• WHAT TO DO: Repeat verbatim what the listing holds, but not its pictures.

• DATA EXTRACT:
┏━━

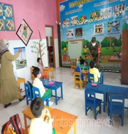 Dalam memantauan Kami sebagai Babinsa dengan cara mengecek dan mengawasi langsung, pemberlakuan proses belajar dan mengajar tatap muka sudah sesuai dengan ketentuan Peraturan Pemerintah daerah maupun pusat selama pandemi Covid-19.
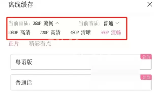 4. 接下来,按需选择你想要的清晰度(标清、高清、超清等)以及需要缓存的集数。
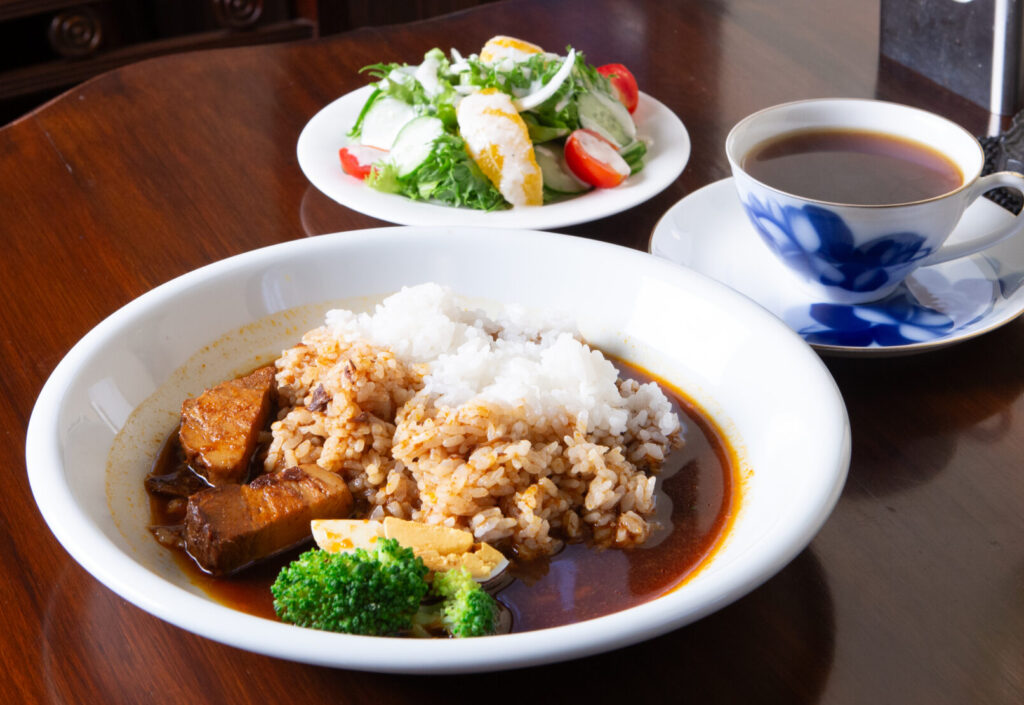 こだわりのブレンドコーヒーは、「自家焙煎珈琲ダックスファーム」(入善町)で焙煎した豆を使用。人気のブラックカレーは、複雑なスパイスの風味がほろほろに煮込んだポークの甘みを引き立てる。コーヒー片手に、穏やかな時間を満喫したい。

┗━━

• RESPONSE:
 Dalam memantauan Kami sebagai Babinsa dengan cara mengecek dan mengawasi langsung, pemberlakuan proses belajar dan mengajar tatap muka sudah sesuai dengan ketentuan Peraturan Pemerintah daerah maupun pusat selama pandemi Covid-19.
 4. 接下来,按需选择你想要的清晰度(标清、高清、超清等)以及需要缓存的集数。
 こだわりのブレンドコーヒーは、「自家焙煎珈琲ダックスファーム」(入善町)で焙煎した豆を使用。人気のブラックカレーは、複雑なスパイスの風味がほろほろに煮込んだポークの甘みを引き立てる。コーヒー片手に、穏やかな時間を満喫したい。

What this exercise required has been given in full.